Vernunft June 14, 2013 at 9:02 pm

We’ve heard from the free rider thief. Any others?

dirk June 14, 2013 at 12:34 pm

It’s always a shame when the estate allows someone to use the artist’s work in a manner the artist likely wouldn’t have allowed. Did Jimi Hendrix want his music appearing on car commercials? His estate, aka his estranged, deadbeat dad, had no problem with it. There is also the strange case of John Lee Hooker music showing up on car commercials for the first time only a few months after his death.

Perhaps nobody should be allowed to use an artist’s work in a commercial manner in which the artist himself never allowed during his lifetime.

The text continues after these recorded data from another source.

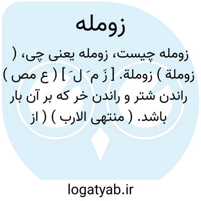 ( زوملة ) زوملة. [ زَ م َ ل َ ] ( ع مص ) راندن شتر و راندن خر که بر آن بار باشد. ( منتهی الارب ) ( از ناظم الاطباء ). || ( اِ ) خر با بارش. ( ناظم الاطباء ). || ابن زوملة؛ پسر راه. || هو ابن زوملتها؛ او دانای آن است. ( منتهی الارب ) ( ناظم الاطباء ).
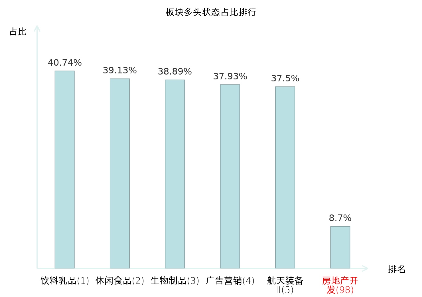 全市场所有行业板块中主力多头状态占比排名中,饮料乳品板块位居第一。国有大型银行Ⅱ板块名次提升最快,较昨日上升71位。
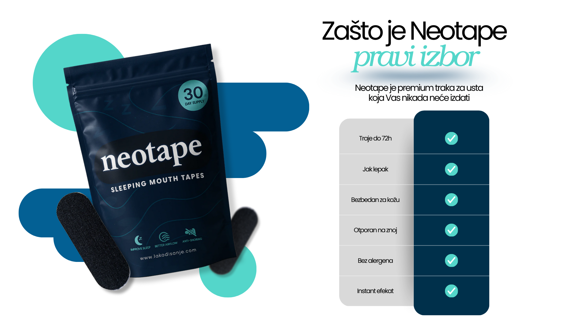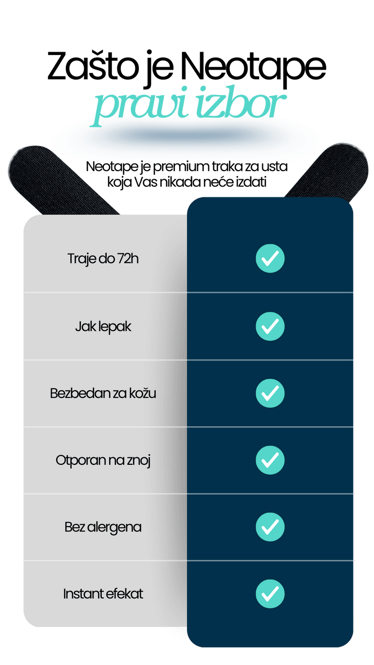 NeoTape smanjuje hrkanje i sprečava suva usta, obezbeđujući tih, udoban i neprekidan san.
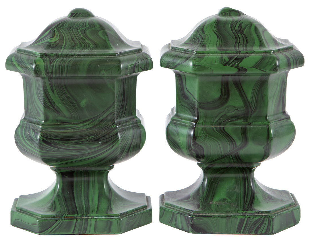 Pair of English faux-malachite resin bookends in the form of urns, Thomas Blakemore

The world would no doubt be a better place if nobody had been allowed to update the settings of Shakespeare for the movies (Which is distinct from re-imagining old, archetypal stories themselves). It’s not a coincidence that few great writers aspire to write for theater anymore, since the better your work is the more likely it is to be butchered by *creative* future directors.

Ryan June 14, 2013 at 2:29 pm

One oversight on duets with holograms/flat screens etc, There’s a Tear in My Beer with Hank Williams and Hank Williams Jr. Possibly one of the most meaningful “collaborations” in country music history. It gave Jr a chance to do a song with deceased father.

Link: http://www.youtube.com/watch?v=mA67y3mqjMs

Claude Emer June 14, 2013 at 2:35 pm

Is there a field called Ethical Economics? If not, there should be.